Federated Identity enables institutions to electronically release information about their constituents to service providers for the purposes of easing access management and increasing security. Current campus processes entail deciding which attributes (information) can be released for each external application. With the growth in web-based student services and the blur between what's hosted locally or by a third party, this institutional process to visit each service, one-by-one, will not scale and should be addressed through new policy supporting this new environment and implemented in the technology. However, an institution must also be compliant with FERPA and other privacy and data protection legislation.
With Federated Identity, however, an organization can release attributes about a person to a service provider without revealing the individual's actual name (DisplayName in attribute-speak). The question comes up about what specific attributes are personally identifiable information or FERPA controlled. Examples include
- login name (EPPN or eduPersonPrincipalName),
- email address, DisplayName,
- unique but opaque identifiers (EPTID or eduPersonTargetedID),
- classes, clubs or activities, majors, etc.
(Note: For the details on the standard attributes to which Ken is referring in this paragraph, see the eduPerson Object Class Specification used by the InCommon Federation.)
For the purposes of beginning this discussion, we offer the following questions:
- How are campuses approaching the balance between the opportunities created by sharing student info (eg course memberships) in the brave new world of online everything, and the requirements of FERPA and privacy rules in general?

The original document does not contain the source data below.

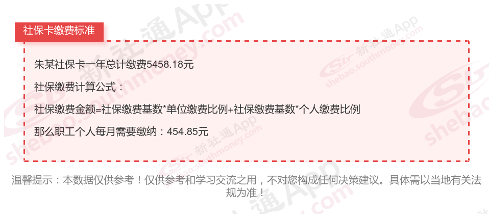 由上图得知,朱某社保卡一年需要缴纳5458.18元,个人部分每月需要缴纳454.85元,若您想要了解明细点击新社通社保计算器,来了解一下明细吧。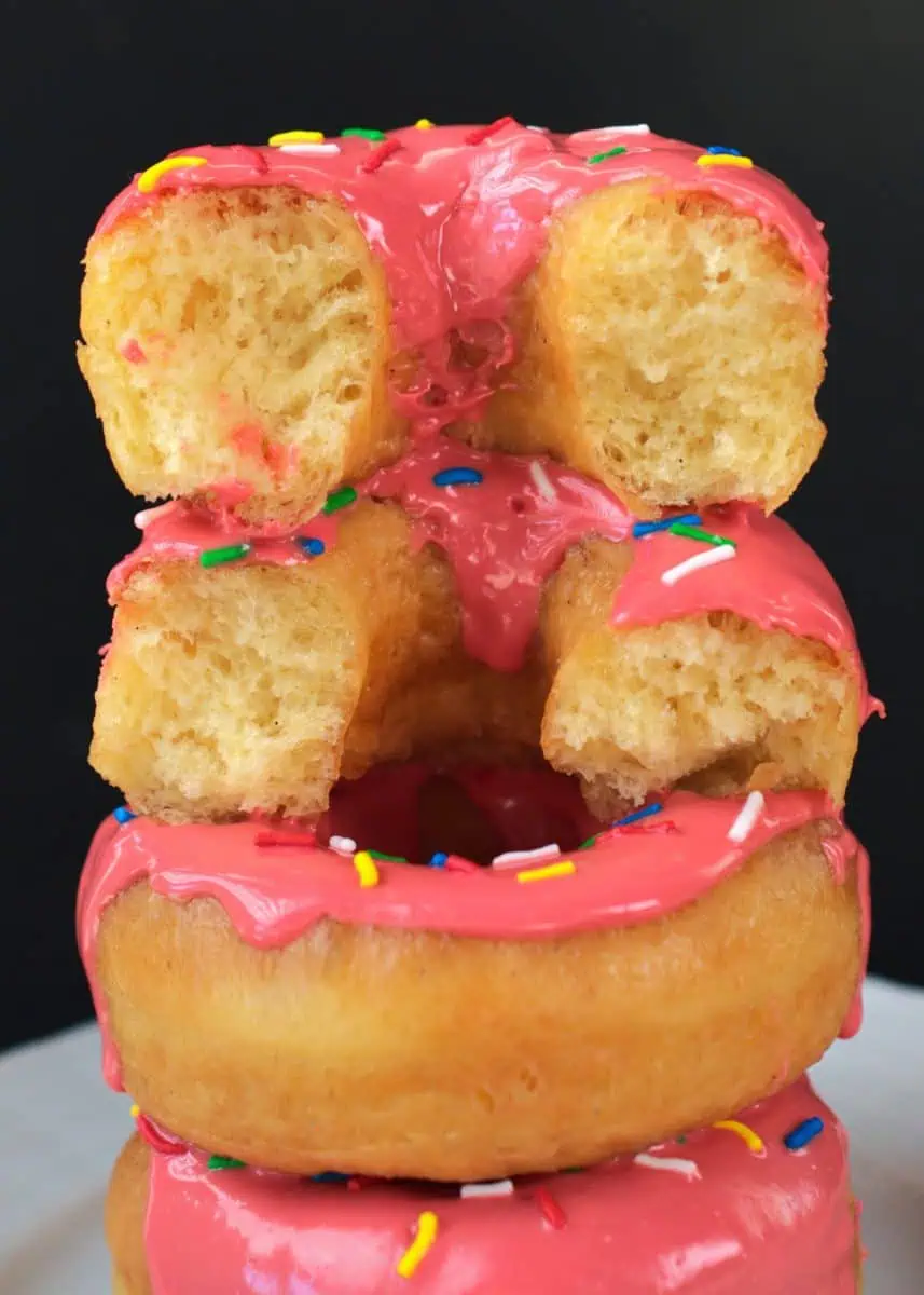 - Using the right amount of flour. Don’t add any extra flour to this recipe, or the donuts will be too dense. Make sure to weigh the ingredients instead of using measuring cups (we shared the recipe in both, so it’s easily accessible for everyone).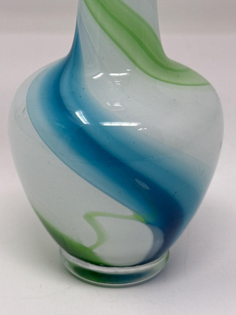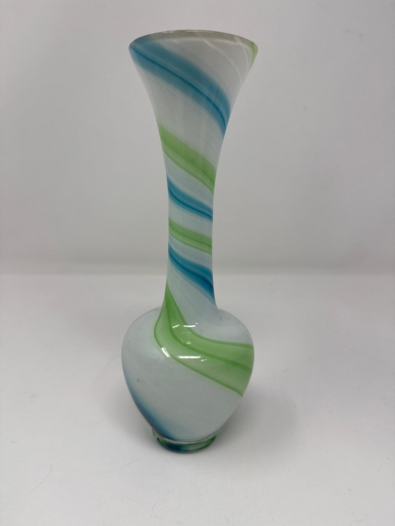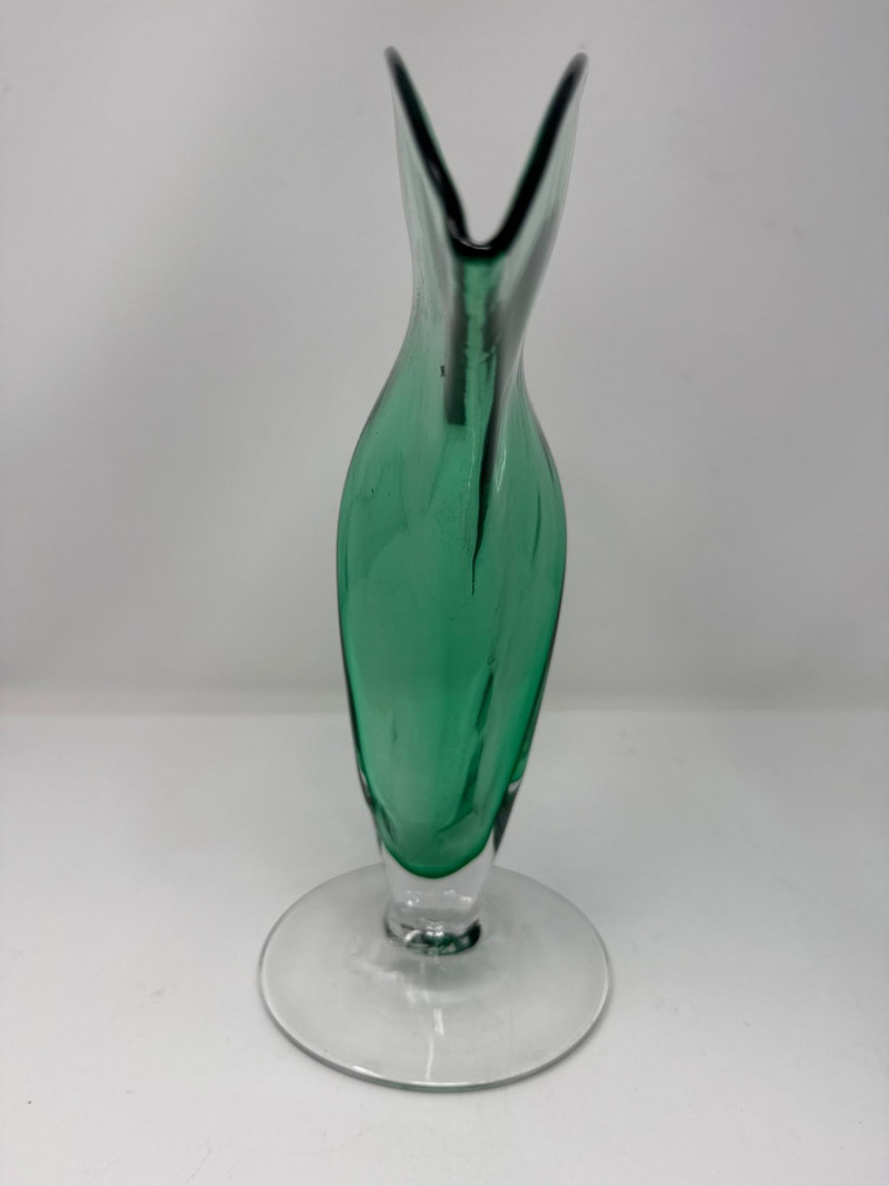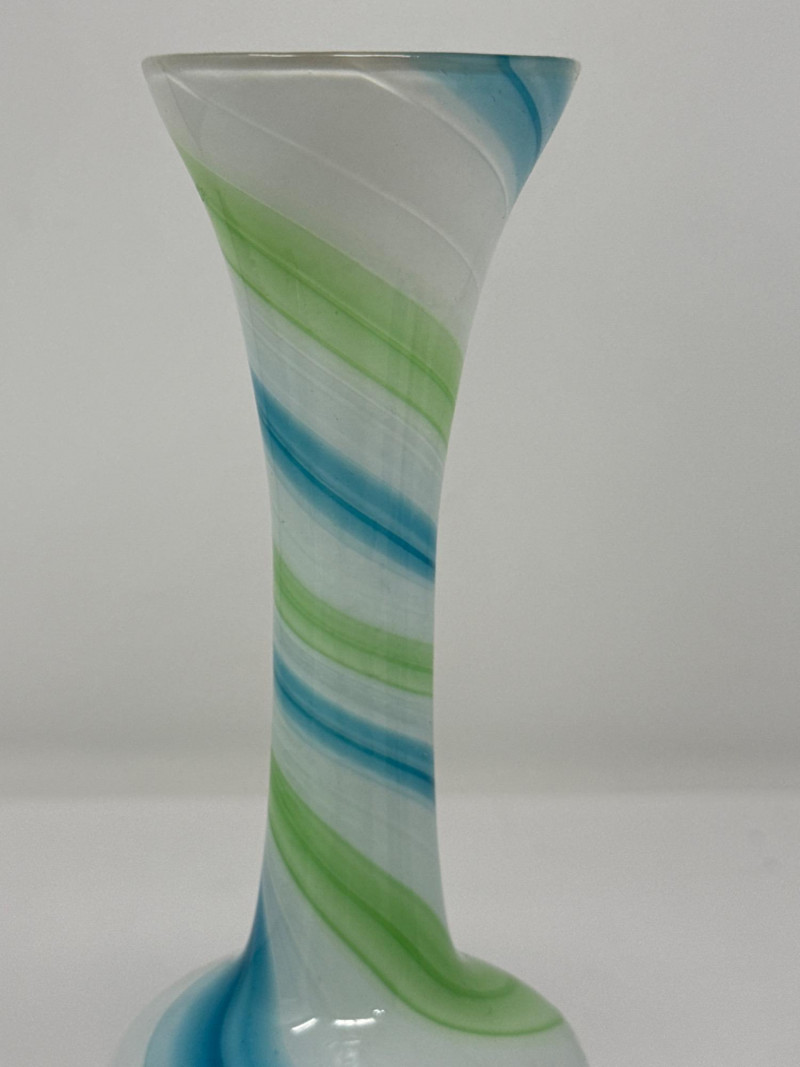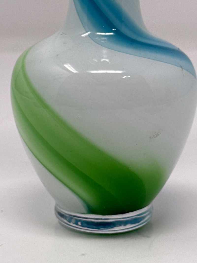 A visually compelling duo of vintage glassware, this lot includes: Blenko Mint Fan Vase – Sculptural and vibrant, this hand-blown fan-form vase in translucent mint green is attributed to Blenko Glass. Measures 11.5" H × 10" L × 5" W. Features fluid contours and a polished pontil base, characteristic of Blenko’s mid-century production. noted. Enesco Swirl Vase – A molded glass vase with dynamic swirl patterning in clear and frosted finishes. Stands 8.2" tall with a 2.5" base diameter. Retains original Enesco label; likely 1980s production. Excellent clarity and form.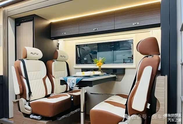 内饰采用暖白色调、浅棕色和柔和浅蓝色的巧妙融合,营造出温馨宜人的居家氛围。车内精选E0级环保板材与耐磨地板革,兼顾质感与环保标准。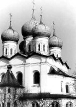 Успенский собор Иверского монастыря большой и до сего года неотапливаемый, находится в состоянии непрестанной слабодвижущейся реставрации. Но службы идут. С темных лупатых стен на нас глядят полуразрушенные фрески. И только нимбы на них светло золотятся – сами обновились на диво и радость насельникам. Клироса два: на одном монахи постарше поют почти в один голос, но всегда очень бодро; другой клирос состоит из двух родных братьев-иноков, поющих знаменным распевом.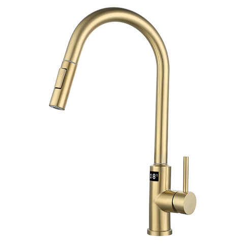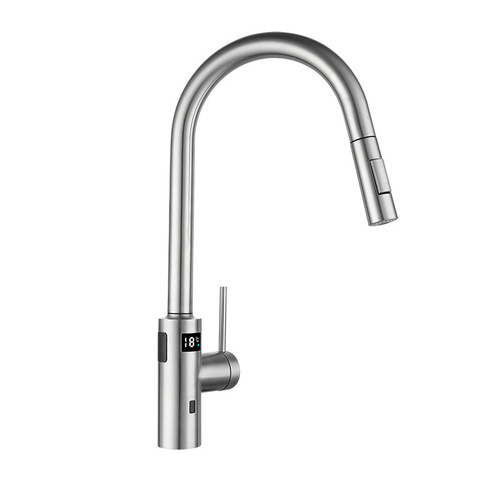 Paslanmaz çelik akıllı otomatik dijital ekran kızılötesi soğuk ve sıcak sebze lavabo Pull-out mutfak musluklar musluk bataryası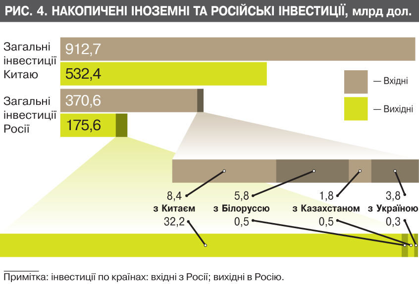 Як видно з наведених даних, інвестиційний потенціал Китаю набагато потужніший, ніж Росії, і тим більше України чи країн Митного союзу. Та й російські інвестиції тягнуться більше в Китай, а не в Білорусь, Україну чи Казахстан. До речі, з Китаю Росія отримує інвестицій у чотири рази більше, ніж дає йому. Стосовно інших згаданих країн відбувається навпаки: Росія віддає інвестицій удесятеро більше, ніж отримує. А Китай нині здійснює активну і досить ліберальну інвестиційну політику: багато вкладає у країни Африки, Латинської Америки, Південно-Східної Азії.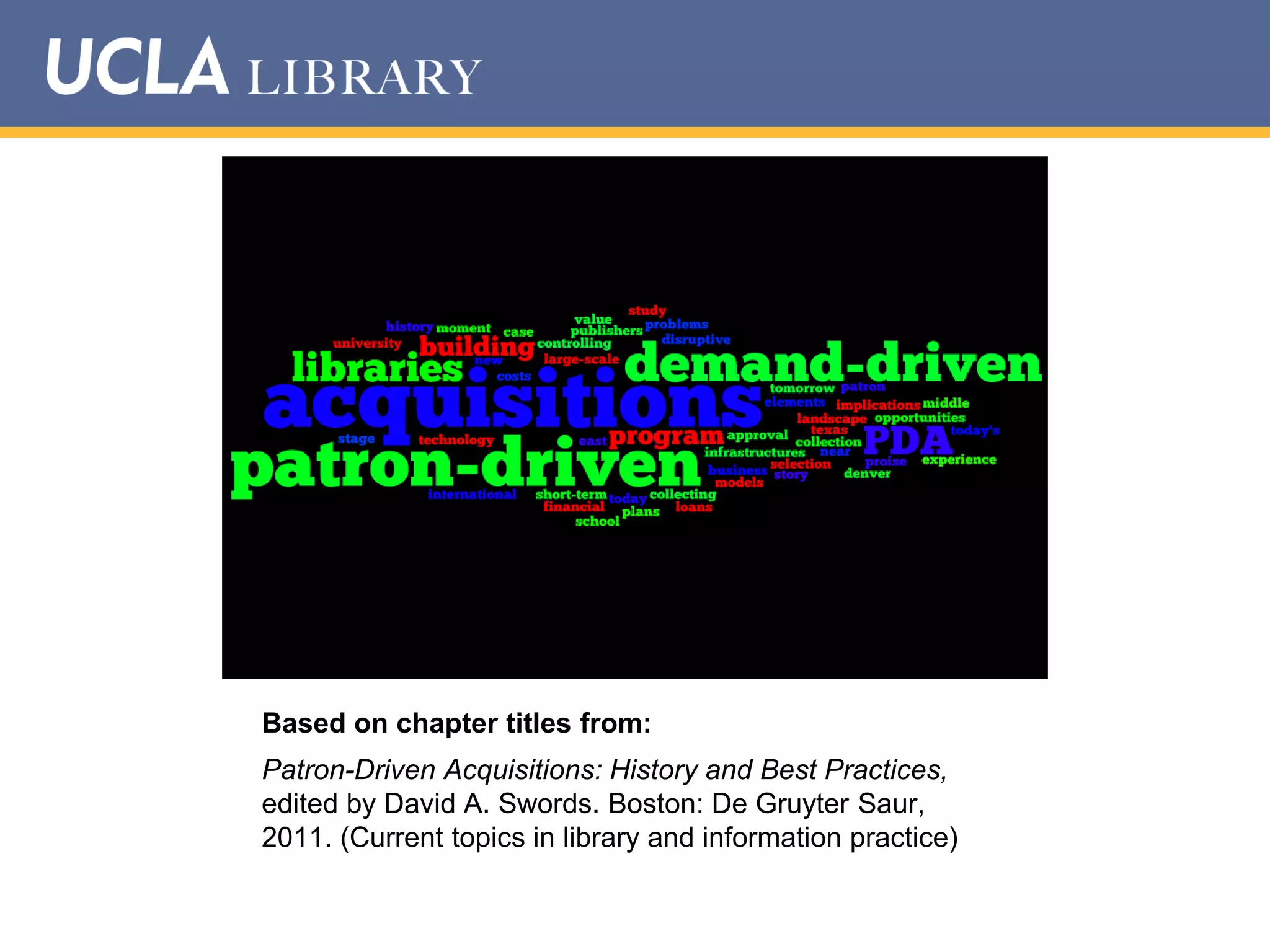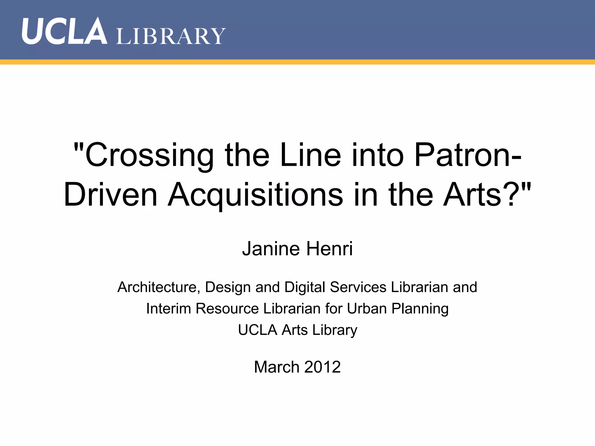 The document discusses patron-driven acquisitions (PDA) in library collections, particularly in the arts and design fields, using UCLA's pilot program as a case study. It highlights the importance of community participation in librarianship, the limitations of current catalog records for designers, and potential impacts on student exposure to diverse visual resources. Additionally, it raises concerns about faculty investment in library collections and the future of librarian roles in curating knowledge.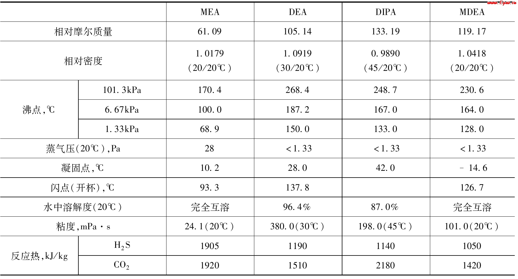 在化學溶劑法中,各種胺法應用廣泛。所使用的胺有一乙醇胺(MEA)、二乙醇胺(DEA)、二異丙醇胺(DIPA)、甲基二乙醇胺(MDEA)、二甘醇胺(DGA)。醇胺脫出酸性氣體流程見圖2-1。幾種醇胺溶劑的物化性質見表2-4。MEA是伯醇胺,在幾種醇胺溶劑中堿性最強,與酸性組分迅速反應,很容易使原料氣中的H2S降到5mg/m3以下,最低可到1.5mg/m3;在脫除H2S的同時,CO2脫除率超過90%,在兩種酸性組分之間沒有選擇性。MEA化學性能穩(wěn)定,可以最大限度地降低溶劑降解損失;缺點是蒸氣壓高,溶劑損失量大,腐蝕性強。DEA是仲醇胺,堿性較MEA弱,同樣對H2S和CO2沒有選擇性。其凈化度沒有MEA高,即使采用SNPA(法國阿基坦國家石油公司)改進型工藝,也只能達到2.29mg/m3。DEA優(yōu)點是溶劑蒸發(fā)損失較MEA小,腐蝕性弱,再生時具有較MEA溶劑低的殘余酸性組分濃度。DIPA和MDEA兩種溶劑均是近年來采用的選擇性溶劑。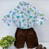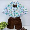 Conjunto composto por: Camisa Personagem, Shorts com suspensorio e gravata borboleta na cor Azul Tiffany. Demais peças ou acessórios, não inclusos.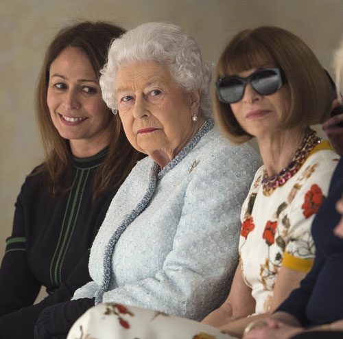 As all of England riots in the streets over KFCs being out of chicken (Joke’s on those people, because KFC has always been out of chicken since the shit they serve is deep fried chicken-flavored Styrofoam full of hormones. Get thee to a Popeye’s, England!), THE QUEEN was safe inside a fashion show with Satan’s muse Anna Wintour. THE QUEEN held court at the Richard Quinn show, and she wore elegant black gloves to protect her pristine royal skin from being infected by dirty trash peasant germs.
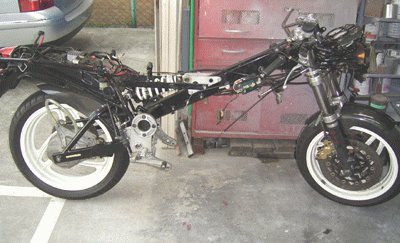 エンジンなしのフレームは情けない姿です。やはりBIKEはエンジンが肝であります。 |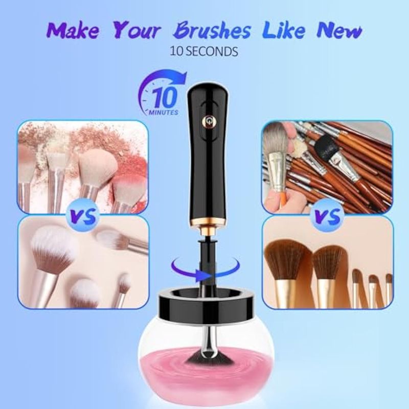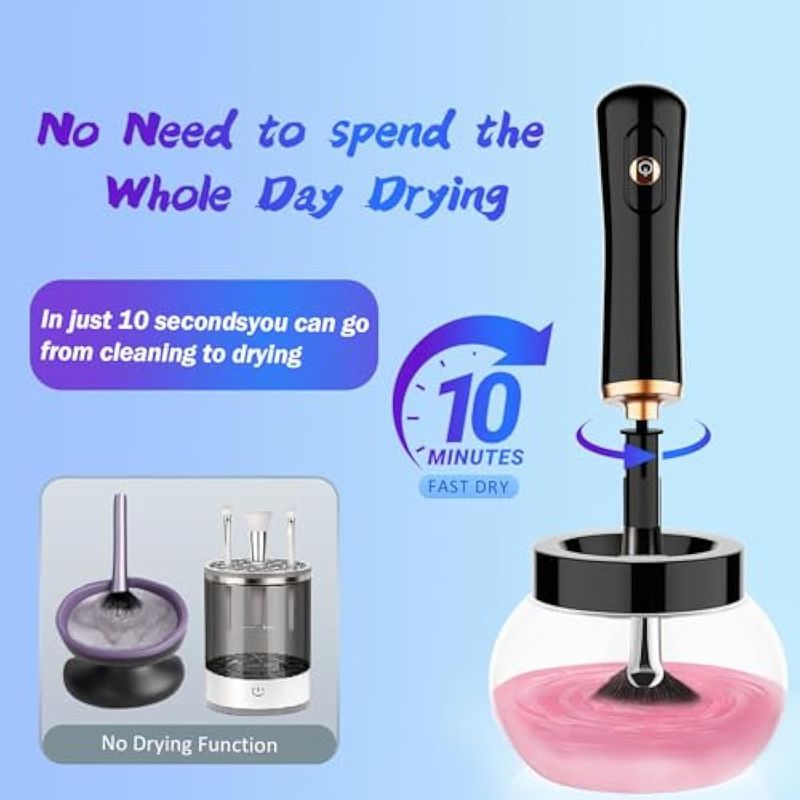 Limpia y seca rápidamente: utiliza la máquina limpiadora automática de brochas de maquillaje eléctrica para limpiar y secar rápidamente tus brochas en cuestión de segundos. No más limpieza tediosa de manos. Recomendado para limpiar cepillos cada dos semanas. Logra una mejor limpieza con una solución de limpieza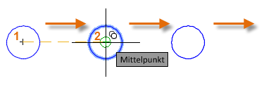 Verwenden Sie dann den Objektfangmodus Zentrum, klicken Sie auf den Mittelpunkt von Kreis 1, dann auf den Mittelpunkt von Kreis 2 usw.

- Would the possibility of getting student consent to release their information in real time change this approach? How does one (or can one) withdraw consent?
- Does a set of attribute release recommendations need to be developed that
- align with an institution's directory information as defined by FERPA and that
- clarify what can be released without consent of the individual and the organization's FERPA officer?
Ken K. offered the following the translation of EC policy, an example of how consent release might be supported.
Organizations:
• Must identify which services are necessary for education/research
- Must consider whether personally identifiable information is necessary for those services, or whether anonymous identifiers or attributes are sufficient;
- Must inform users what information will be released to which service providers, for what purpose(s).
- May release that necessary personally identifiable information to those services;
• May seek users' informed, free consent to release personal data to other services that are not necessary for education/research
- Must inform users what information will be released to which service providers, for what purpose(s);
- Must maintain records of individuals who have consented;
- Must allow consent to be withdrawn at any time;
- Must only release personal information where consent is currently in effect.
• Should have a data processor/data controller agreement with all service providers to whom personally identifiable data is released.
• Must ensure adequate protection of any data released to services outside the European Economic Area.